** Available records follows **

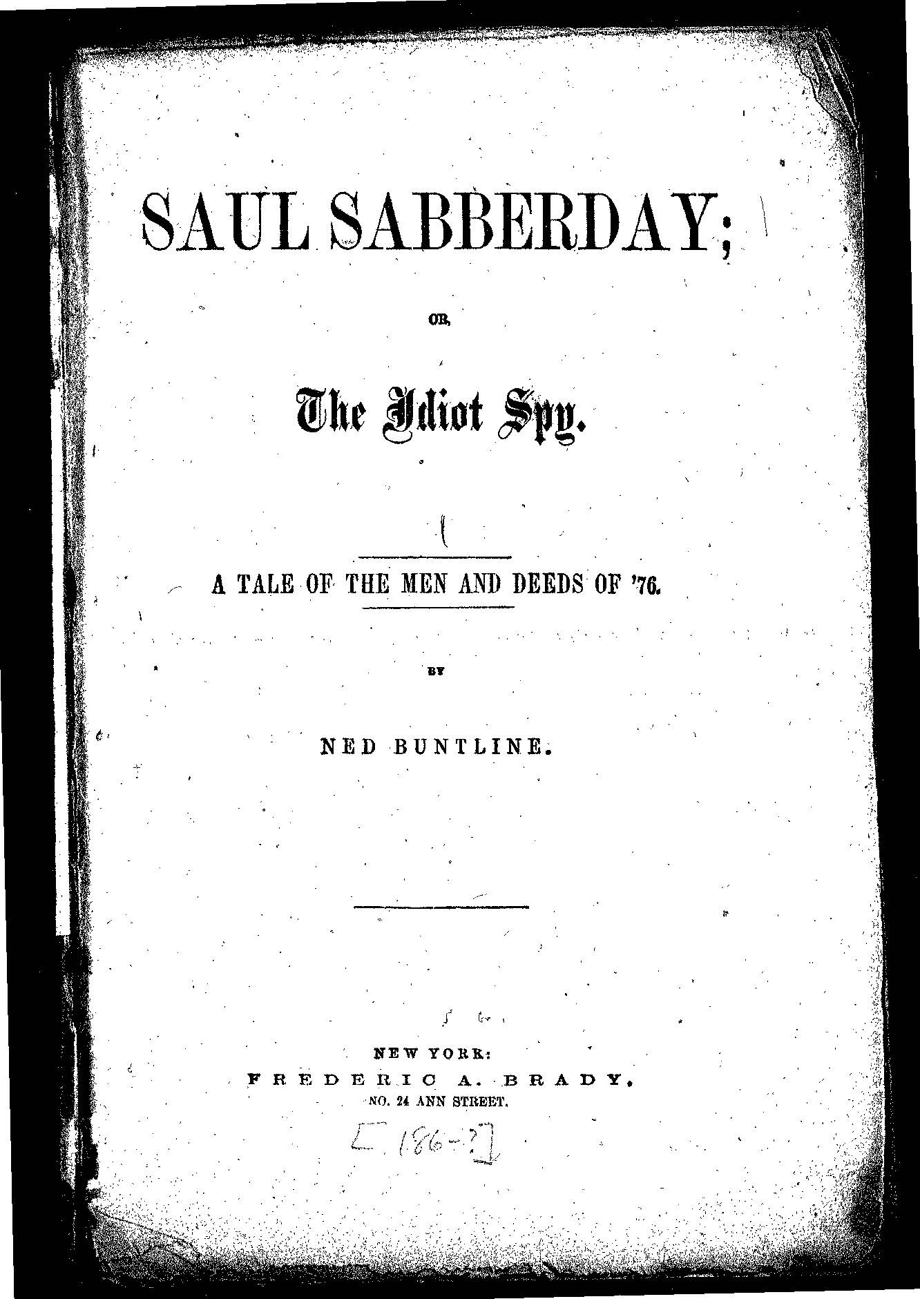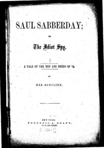In addition to being a rabble-rouser, political activist, and journal editor, Buntline was also a prolific writer of sensational fiction. He penned dozens of shilling shockers—later called dime novels—and popularized William Cody, aka “Buffalo Bill.” Today, I consider one of those novels, Saul Sabberday, or, the Idiot Spy (1858), which I situate in the context of archival research from the American Philosophical Society and Library Company of Philadelphia. Namely, I want to think about how Buntline coopts the myth of fighting Quakers to reformulate nativist ideology. That’s right, fighting Quakers. More on that shortly.
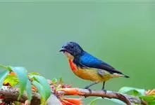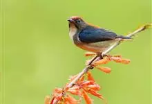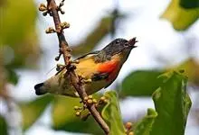 红胸啄花鸟:体重5-10克,体长60-92毫米。体形纤小。雄鸟上体呈辉亮的金属绿色;下体棕黄,胸部具一朱红色块斑,极易与其他啄花鸟区别。雌鸟上体呈橄榄绿,下体棕黄色。虹膜褐色,嘴褐黑色或角灰色,…全部>>
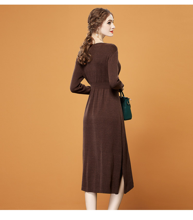 | 商品名称 | 海青2021長袖丸首ニットワンピス女性秋冬のウエストにスリムなロングタイプのボトムススカート深カレー色M |
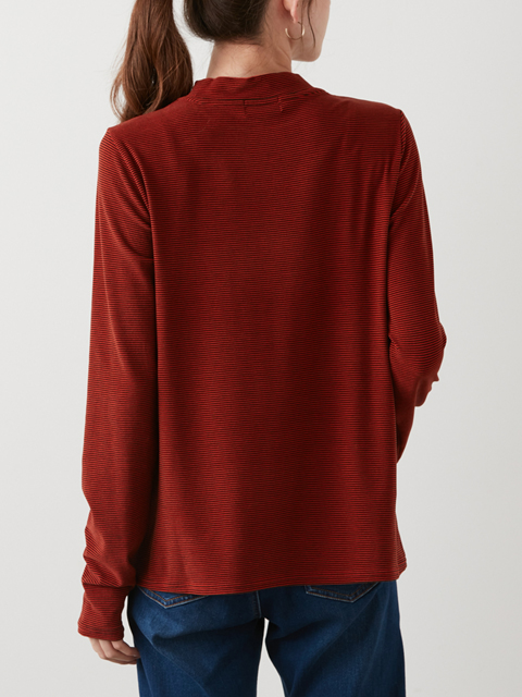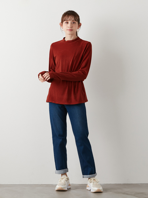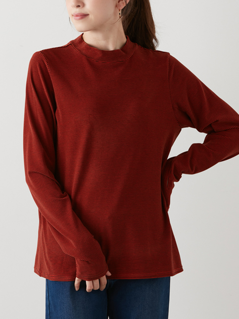 肌に直接触れても気持ちいい柔らかなテクスチャーで、伸びやかで着脱も重ね着もしやすい実力の一枚です。
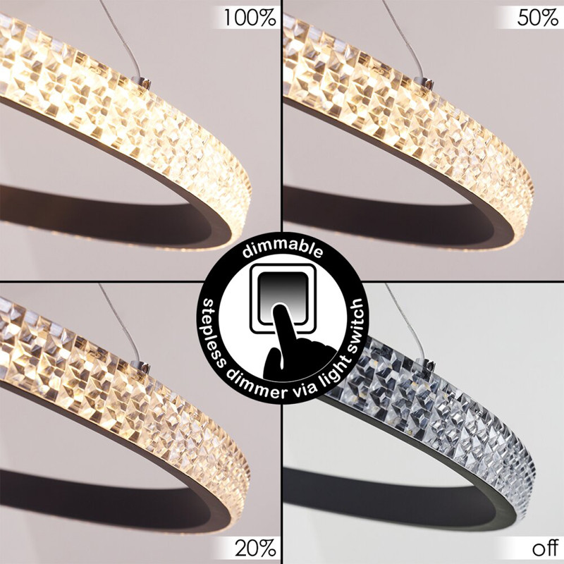 این مدل لوستر ام کی لایتینگ مدل نور به بیرون سه حلقه با روکش کریستال ،با قطرهای 70-50-30 می باشد ،که با رنگ بدنه سفید ،مشکی و طلایی ، و با نور (چند رنگ ) قابل انتخاب می باشد. ارتفاع لوستر از 20 سانت تا 80 سانت قابل تغییر است ،همچنین می توانید چیدمان لوستر را ، به طبقاتی یا کهکشانی تغییر دهید. با ریموت و اپلیکیشن موبایل میتوان نور لوستر را کم و زیاد کرد ،طبقات را خاموش و روشن کرد ،و همچنین دکمه حالت شب از امکانات ریموت می باشد.
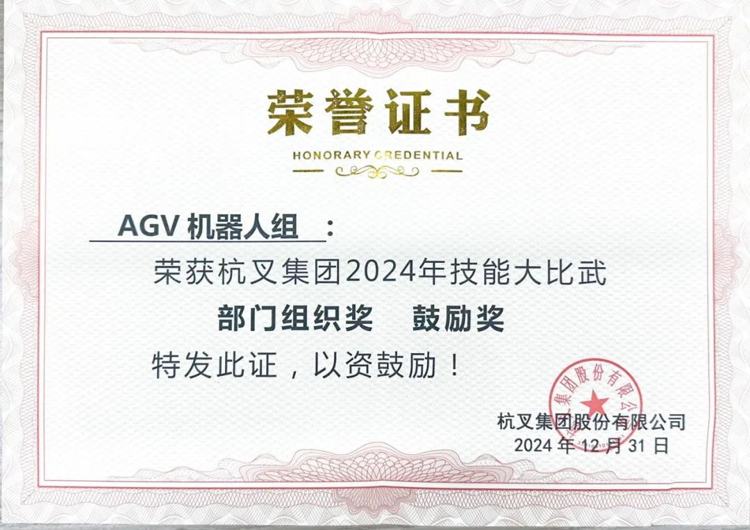 通过强强对决、优中选优,最终选拔出技能大比武AGV机器人调试大赛一二三等奖共四名;此外,杭叉智能也荣获杭叉集团2024技能大比武部门组织奖。
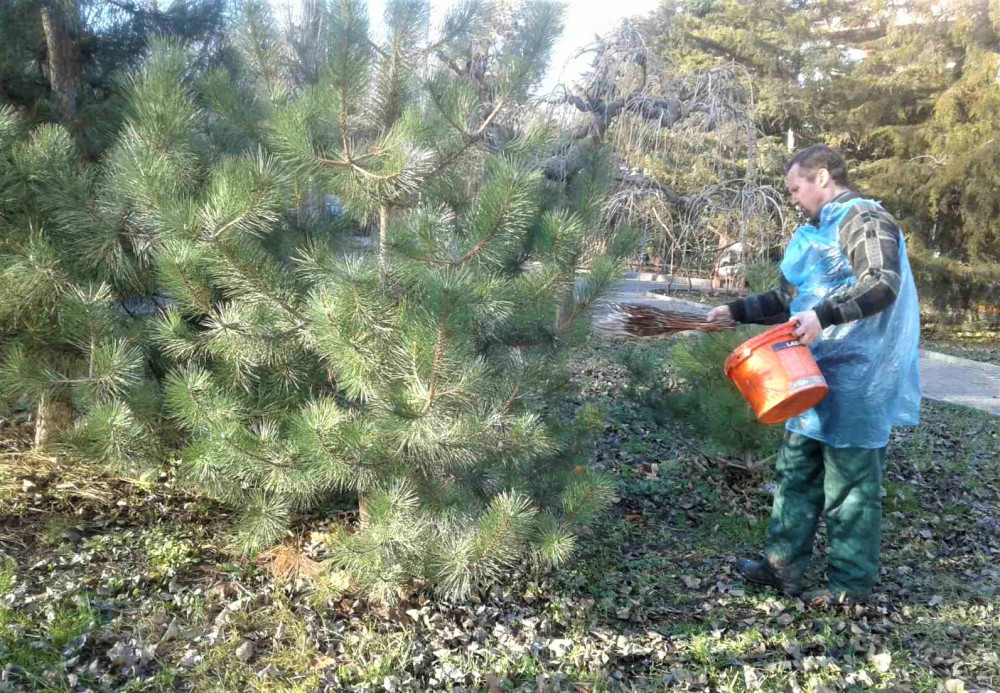 Озеленители одесского КП «Горзелентрест» приступили к работам по опрыскиванию хвойных насаждений специально разведенным раствором мела.
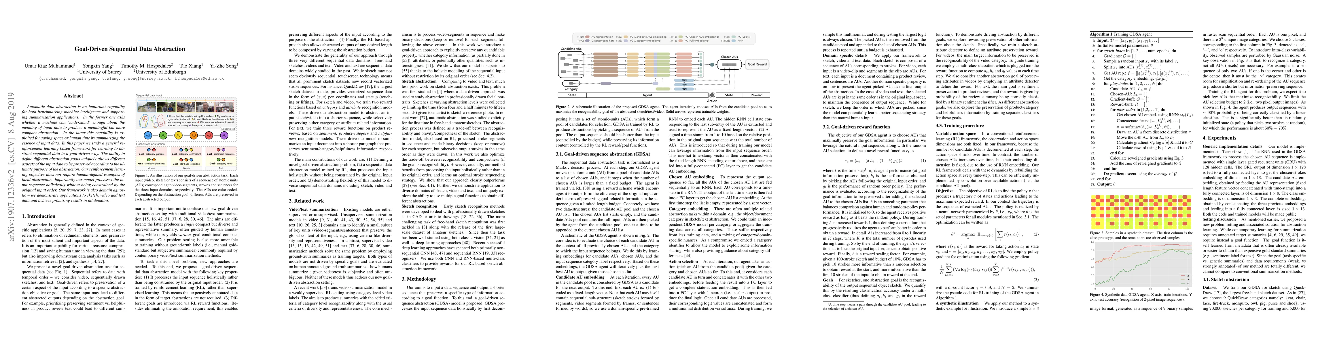 This paper proposes a reinforcement learning framework for goal-driven abstraction of sequential data, enabling applications like summarization without requiring predefined examples. The model processes data holistically and is domain-agnostic, demonstrating effectiveness across sketch, video, and text data.
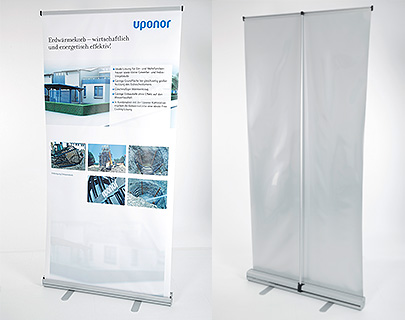 Uponor stattet seine Vertreter mit Rollups aus. So sind diese überall für Präsentationen gerüstet – die platzsparenden Rollups liegen stets im Kofferraum und sind in wenigen Sekunden einsatzbereit.
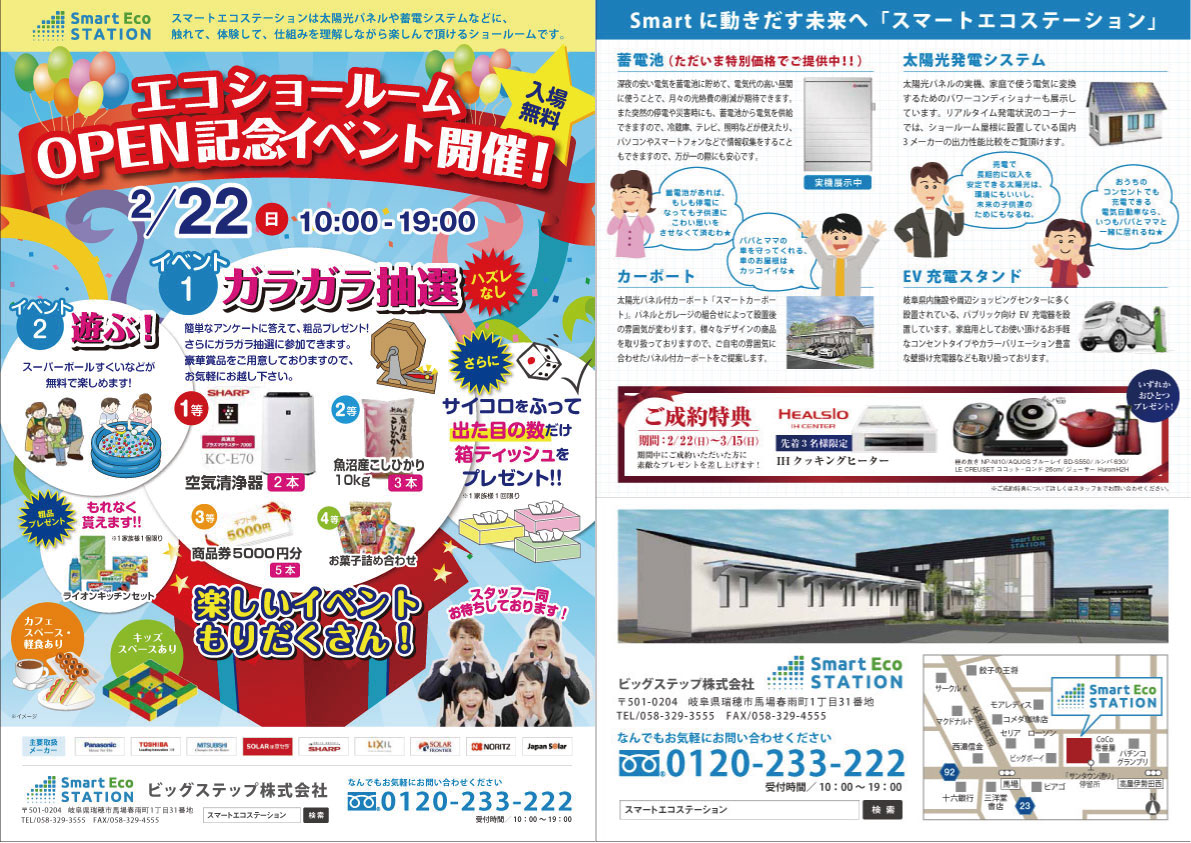 「スマートに、地球の未来のために」をモットーに、お子様からご老人の方まで安心してご覧頂ける、地域密着型の店づくりを目指しています。2月22日はグランドオープンとして、もれなくもらえるキッチンセット、サイコロ振ってBOXティッシュGET、豪華商品(1等~3等総額15万円相当)があたるハズレなしの抽選会などを開催!!
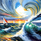 A dramatic seascape featuring a lighthouse amidst towering waves under a swirling sky. The sunset bathes the scene in vibrant colors, highlighting nature's power and beauty.
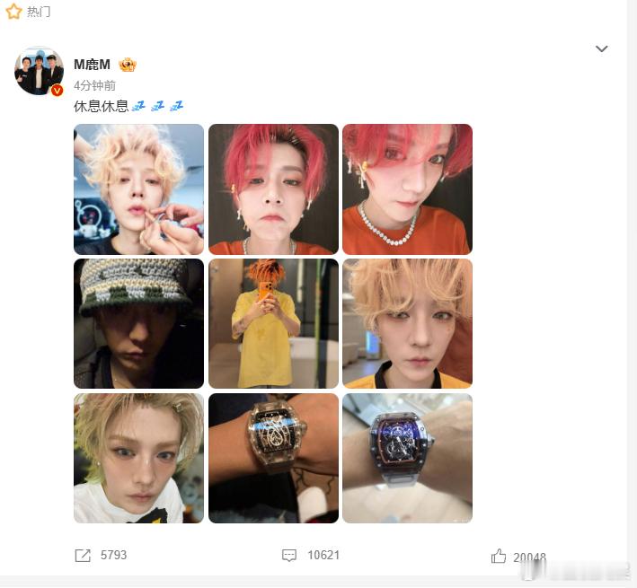 5 种发色与鹿晗的休息自拍相融,少女粉透着梦幻,浅亚麻显绅士,没有刻意摆拍的画面更显真切。鹿晗休息自拍鹿晗5种发色自拍
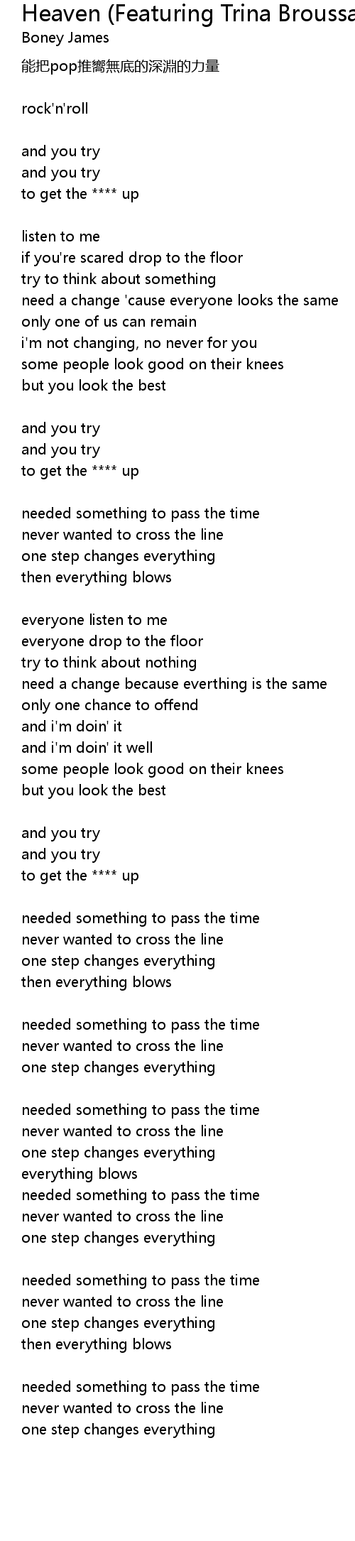 | Song | Heaven (Featuring Trina Broussard) (Album Version) |
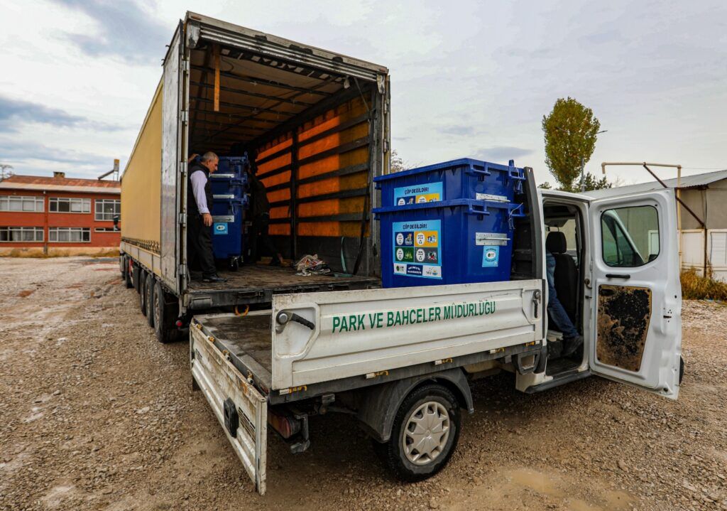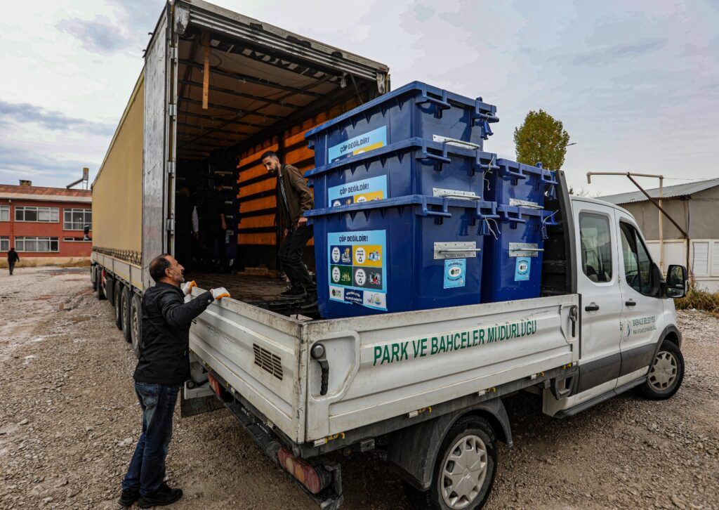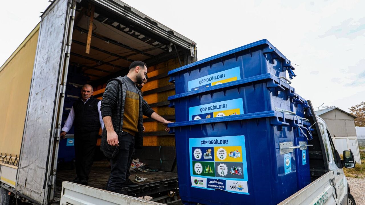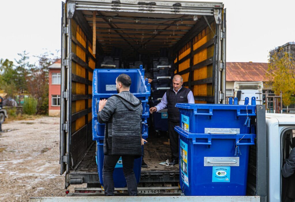 Van Büyükşehir Belediyesi, sıfır atık projesi ve geri dönüşüm çalışmaları kapsamında 13 ilçeye plastik çöp konteyneri dağıttı.

** End of Available records **

Although the records above contain pictures, the copy should not; retype exactly the lines from the one containing "商品名称 | 海青2021長袖丸首ニットワンピス女性秋冬のウエストにスリムなロングタイプのボトムススカート深カレー色M |" through the one containing "Озеленители одесского КП".

Exercise output
 | 商品名称 | 海青2021長袖丸首ニットワンピス女性秋冬のウエストにスリムなロングタイプのボトムススカート深カレー色M |
 肌に直接触れても気持ちいい柔らかなテクスチャーで、伸びやかで着脱も重ね着もしやすい実力の一枚です。
 این مدل لوستر ام کی لایتینگ مدل نور به بیرون سه حلقه با روکش کریستال ،با قطرهای 70-50-30 می باشد ،که با رنگ بدنه سفید ،مشکی و طلایی ، و با نور (چند رنگ ) قابل انتخاب می باشد. ارتفاع لوستر از 20 سانت تا 80 سانت قابل تغییر است ،همچنین می توانید چیدمان لوستر را ، به طبقاتی یا کهکشانی تغییر دهید. با ریموت و اپلیکیشن موبایل میتوان نور لوستر را کم و زیاد کرد ،طبقات را خاموش و روشن کرد ،و همچنین دکمه حالت شب از امکانات ریموت می باشد.
 通过强强对决、优中选优,最终选拔出技能大比武AGV机器人调试大赛一二三等奖共四名;此外,杭叉智能也荣获杭叉集团2024技能大比武部门组织奖。
 Озеленители одесского КП «Горзелентрест» приступили к работам по опрыскиванию хвойных насаждений специально разведенным раствором мела.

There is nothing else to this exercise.